CSP Magazine

Editor's Note: Taxes and a Broken America

Taxes: I can’t stand them. Especially from governmental bodies that too easily tap property and business owners to satiate their lust for bloated programs and spiraling payroll.

A few years ago, I won a tax appeal on my property taxes and ended up saving more than $1,000 in one of the most highly taxed counties in the country. Yet in less than three years, thanks to our “responsible” lawmakers in county, municipal and school government, my savings has been sawed off like a fragile tree limb.
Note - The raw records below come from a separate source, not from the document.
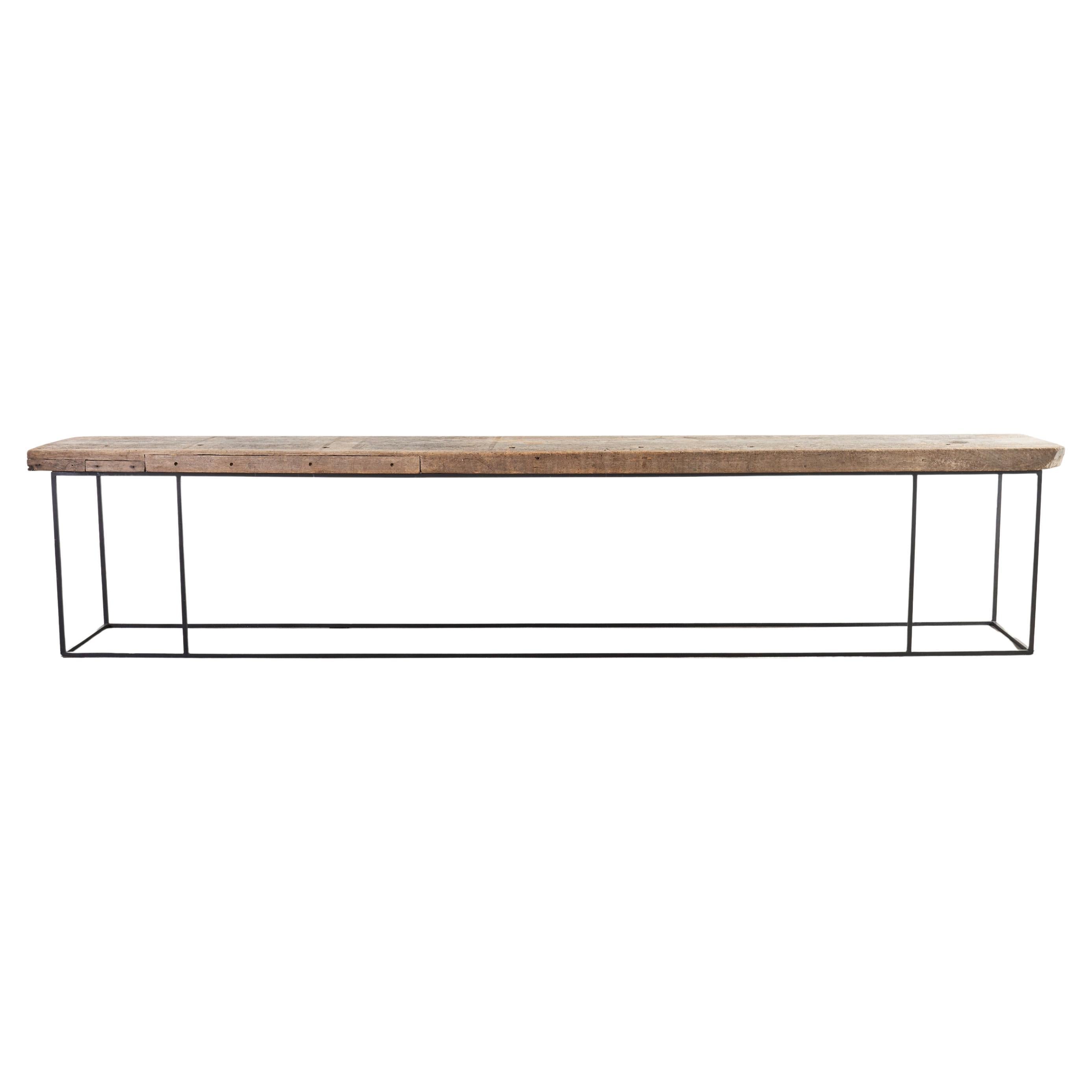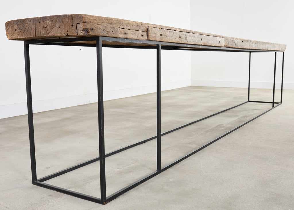 Monumental Reclaimed Wood Plank Top Iron Console 13.5 Ft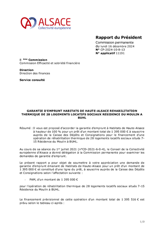 Il vous est proposé d’accorder la garantie d'emprunt à Habitats de Haute-Alsace à hauteur de 100 % pour un prêt d’un montant total de 1 395 000 € à souscrire auprès de la Caisse des Dépôts et Consignations pour le financement d'une opération de réhabilitation thermique de 28 logements locatifs sociaux situés 7-15 Résidence du Moulin à BUHL.
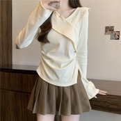 【送料無料】 レディース トップス カットソー アシンメトリー カシュクール風 体型カバー シンプル カジュアル きれいめ 大人かわいい スタイルアップ 二の腕カバー こなれ感 長袖 イエロー ベージュ ブラック 20代 30代 40代 通勤 通学 オフィス お出掛け 女子会 お呼ばれ 秋冬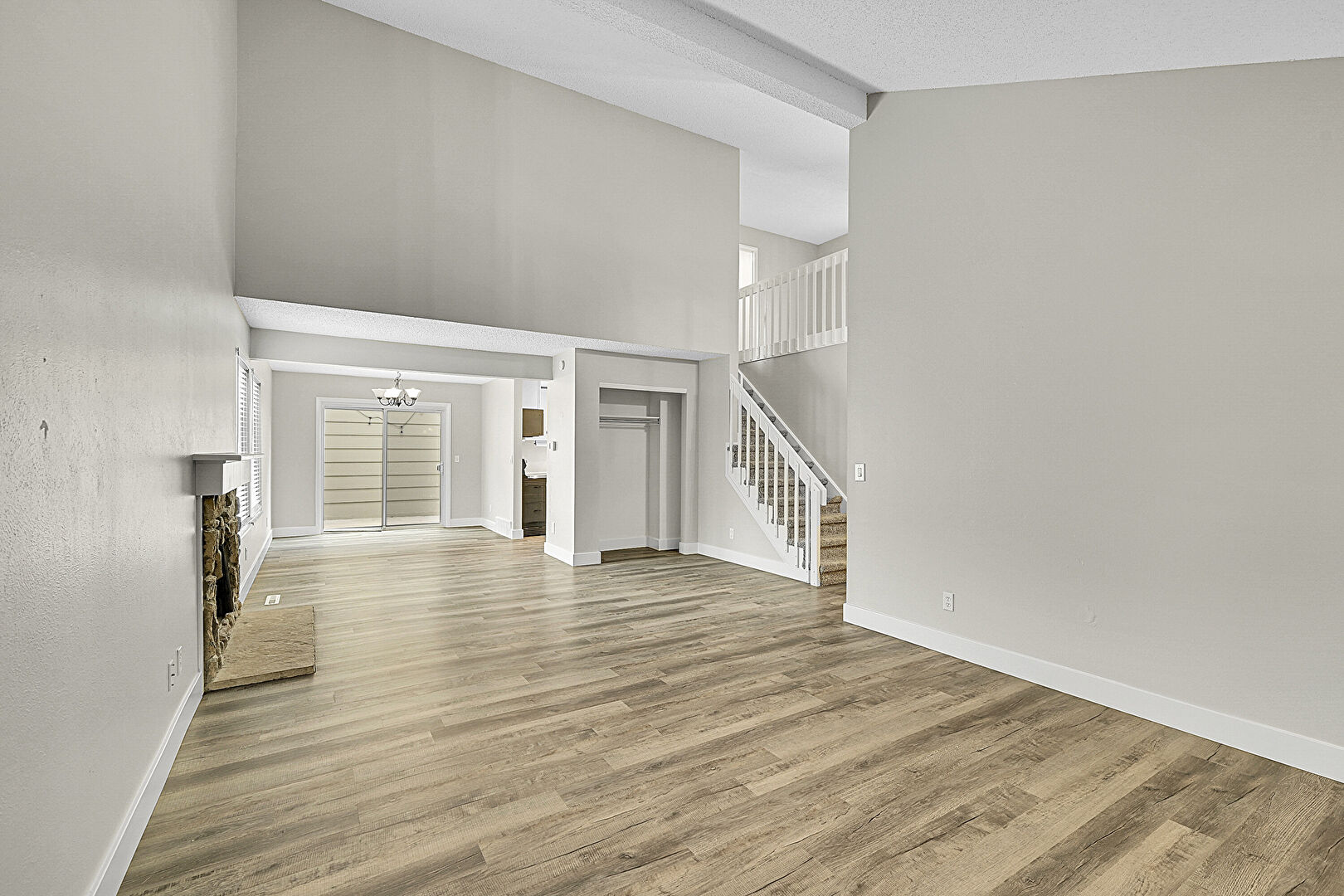 Baseboards Wall, Drywall, Fireplace, Natural Light, Textured Ceiling, Vaulted Ceiling, Vent, Wood Finish Floor, Beamed Ceiling

As a nation, there are two areas of taxation in which our country is at a dangerous crossroads: the federal tax code and our nearly bankrupt transportation infrastructure.

When it comes to the federal tax code, our lawmakers on the Beltway shout and pout about a broken system, posturing and clamoring before supporters while shirking their responsibility. As the fake debate goes on (there really is no serious discourse occurring in D.C.), many good companies who believe in America are exporting jobs and, in a growing number of cases, are being acquired by overseas firms in what has become a worrisome wave of M&As in the supplier community.

Why worrisome? Many international companies furlough longtime workers, cut investments in marketing and operations and seek to squeeze bottom-line profits while compromising on services to the retailer.

The most recent criticism comes from Jim Koch, head of the Boston Beer Co., maker of Samuel Adams. Do you ever wonder why nearly 90% of beer made in America is produced by foreign-owned firms?

In a report in The Wall Street Journal, Koch related how his domestically owned company faces serious disadvantages because of the U.S. tax rate. Speaking before a Senate subcommittee, Koch lamented that $1 of pretax earnings in the United States is worth 62 cents under American ownership but 72 cents under foreign ownership.

“Like Samuel Adams … we were born in America, have grown because of the advantages available in the United States, and don’t mind paying our taxes here,” he told the subcommittee. But due to tax-code inequities, Koch said he would “likely be the last American owner of the Boston Beer Co.”

I want to be clear: This is not a criticism of international companies acquiring American brands. It’s a criticism of a system that punishes an owner for being an American doing business in America.

One person who gets it is U.S. Sen. Rob Portman (R-Ohio), who recently defended American companies forced to make unpopular investment decisions: “If there’s a villain in the story, it’s the U.S. tax code, and frankly it’s Washington.”

While the presidential candidates barnstorm across the country blustering about nothing, this is the kind of critical policy issues that must be tackled.

Here’s another: America’s highway nightmare. Our transportation infrastructure is a mess. I live in New Jersey, where there are inadequate means to shuttle workers from their homes to their jobs in New York. It’s a debacle that could have been averted but that our governor ignored for political gamesmanship. Similar stories are playing out across the nation to the point where members of both the Republican and Democratic parties finally agree that things are really bad.

With the Highway Trust Fund virtually bankrupt, lawmakers passed a short-term funding plan to avert bankruptcy for three months. Cute. What is needed is a long-term solution, and there is one that is reasonable and would provide a long-term solution.

The federal gas tax has been 18.4 cents a gallon since 1993. That’s the same year Bill Clinton and Al Gore were running the White House, and the same year Whitney Houston’s ballad “I Will Always Love You” reigned on the Billboard charts. It was a time when many of us either had no Internet or relied on AOL, and frequently plugged our phone line into our computer to download a few emails. Few of us owned a cellphone (forget about smartphones), and there was no such thing as social media.

Twenty-two years is a long time. And while tobacco taxes have sizzled since, it is reasonable to increase the U.S. gas tax by 8 to 10 cents over two years to ensure a Highway Trust Fund that is solvent, that allows us to tackle an infrastructure critical to commerce and long-term economic prosperity.

My view is heresy to anti-tax purists, but the alternatives, including raiding other federal funds or selling oil from our Strategic Petroleum Reserve, are stopgap measures that can’t fill a gaping hole.

And I’m not alone: The problem is so egregious that organizations representing fuel marketers, truckers and even the U.S. Chamber of Commerce—not exactly tax-and-spend liberals—have gone on record in support of raising the gas tax.

As the upcoming presidential and congressional elections unfold, I’ll look for the candidates who are willing to address the problems that threaten our great country’s ability to effectively compete in an increasingly global economy.